- Developer: Zen Studio
- Publishers: CHN/TW: NetEase; WW: Warner Bros. Games;
- Series: Wizarding World
- Platforms: Microsoft Windows; Android; iOS;
- Release: CHN: September 9, 2021; ; TW: September 9, 2021; ; WW: June 27, 2023; ;
- Genre: Role-playing video game

= Harry Potter: Magic Awakened =

Harry Potter: Magic Awakened is a 2021 collectible card role-playing game developed by Zen Studio. NetEase published the game in China and Taiwan, while Warner Bros. Games under its Portkey Games label published elsewhere. The player takes the role of a new student at Hogwarts School of Witchcraft and Wizardry and engages with the magical world of Harry Potter.

The game was released in China and Taiwan on September 9, 2021 and internationally on June 27, 2023 for Microsoft Windows (SEA server only), Android and iOS.

On October 29, 2024 Warner Bros. closed its servers in Europe, America, and Oceania.

==Gameplay==
Harry Potter: Magic Awakened is a collectible card role-playing video game set in the magical world of Harry Potter. As a new student at Hogwarts School of Witchcraft and Wizardry, players will customize their character, buy school supplies at Diagon Alley, be sorted into a house by the Sorting Hat, and join the Dueling Club. Players are able to encounter known characters from the original series and learn spells and charms. The game offers new storylines and challenging trials, and makes players face off against other characters in duels. The game's primary focus is on utilizing cards, which must be employed strategically as spells in duels to secure a win. Combining the cards can result in even stronger spells.

== Synopsis ==
Set ten years after the second wizarding war, the story begins with the player receiving a letter of acceptance to Hogwarts. Accompanied by Rubeus Hagrid, the protagonist visits Diagon Alley to purchase magical items like a wand and an owl as a pet. During their journey on the Hogwarts Express to the castle, the main character interacts with other first-year students. After arriving at Hogwarts, Minerva McGonagall greets everyone in the Great Hall and gives a brief account of the recent Battle of Hogwarts, which led to Lord Voldemort's downfall. (Note: As written in Harry Potter and the Deathly Hallows (2007)) Subsequently, the Sorting Hat sorts the protagonist and their peers into the different Hogwarts houses.

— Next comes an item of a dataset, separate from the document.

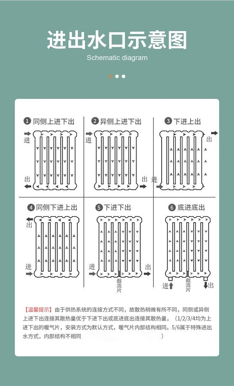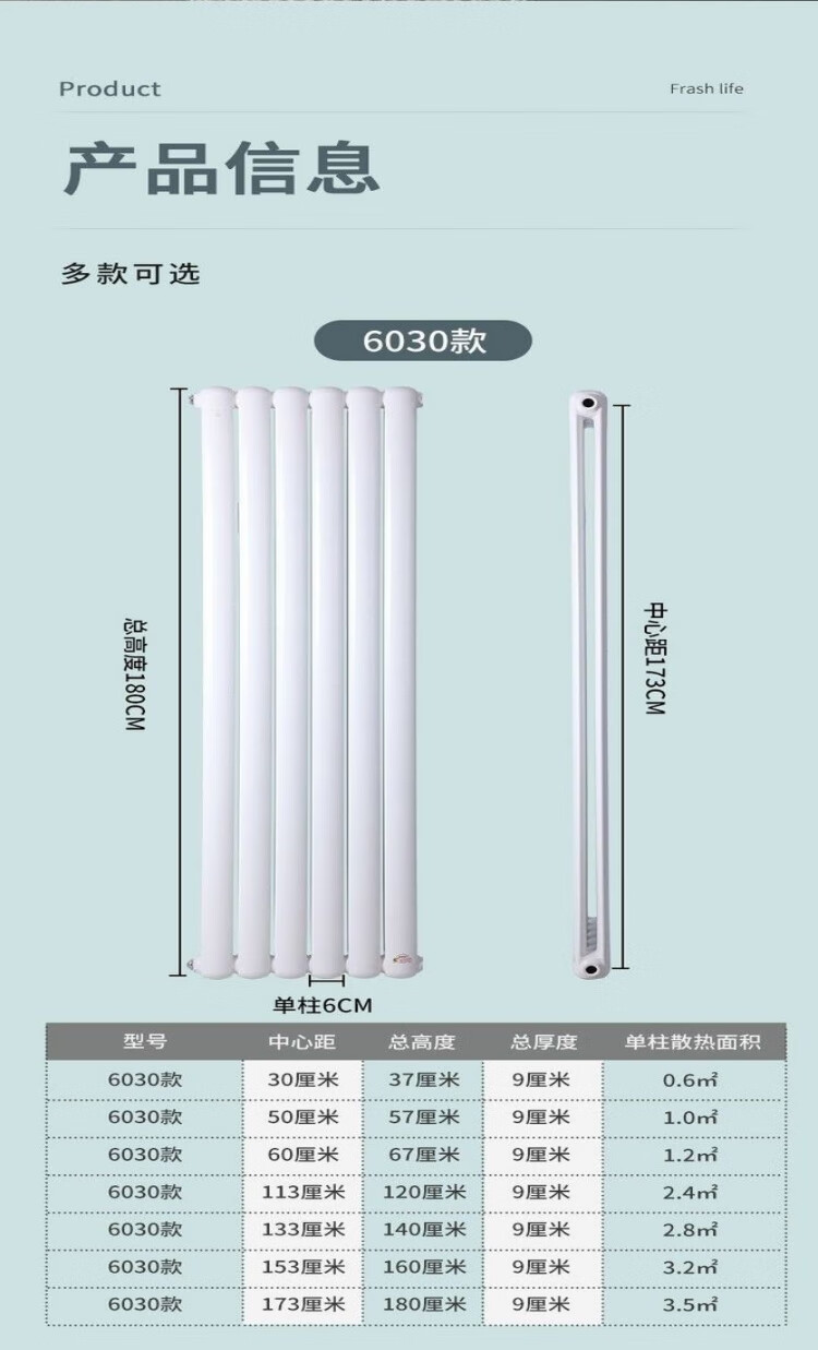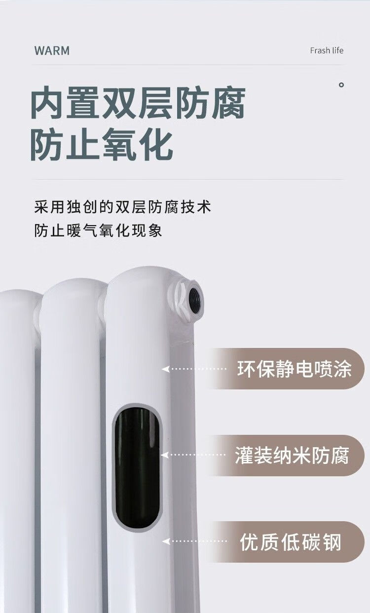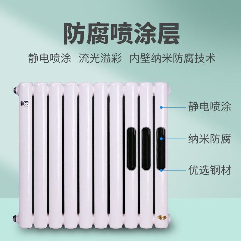 商品名称: 百成道暖气片家用钢制二注水暖散热器散热片壁挂式集中供暖天然气炉取暖5025型600中10柱一组 1/组

The protagonist begins their term at Hogwarts by going to the first class, focusing on charms, with instruction provided by Filius Flitwick. Shortly after, they join the Duelling Club, engaging in duels against other students.

==Development==
=== Release ===
In June 2020, NetEase opened sign-ups for an open beta of Harry Potter: Magic Awakened in China. In June 2021, the official game trailer was released, showing some familiar characters, creatures, and scenes from the Harry Potter universe. Aragog and his army of spiders, the pixies from Gilderoy Lockhart's class, and the centaurs from the Forbidden Forest are being featured in the trailer. In September 2021, it was officially released in China. While NetEase publishes the game in mainland China, the game is published by Enyi Games in Taiwan.

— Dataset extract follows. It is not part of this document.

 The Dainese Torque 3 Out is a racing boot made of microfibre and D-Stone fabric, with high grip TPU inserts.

In February 2022, it was announced that the game would be launching in the Americas, Europe, and Oceania and will be co-published in those regions by NetEase and Warner Bros. Interactive. A final release date has yet to be announced. The game is expected to be released on Android and iOS, with pre-registration being available since February 2022. In March 2023, the game was soft-launched in a number of select countries.

Harry Potter: Magic Awakened was released internationally on June 27, 2023.

== Reception ==

According to review aggregator Metacritic, Harry Potter: Magic Awakened received "generally favorable" reviews.

Aggregate score
| Aggregator | Score |
|---|---|
| Metacritic | (iOS) 78/100 |

Review score
| Publication | Score |
|---|---|
| Jeuxvideo.com | 15/20 |

=== Revenue ===
Within 2 months of the game's release in China, Harry Potter: Magic Awakened generated over $228 million across the Apple App Store and Google Play. By that, the game became the second-highest grossing Harry Potter mobile game and achieved the best launch for a Harry Potter-related mobile game. As of October 2022, Magic Awakened generated a total of $358 million.

The game's global release generated a total revenue of $2.3 million during its first day. Specifically, the NetEase release contributed $1.3 million, while Warner Bros. Games' release added $1 million to the overall earnings.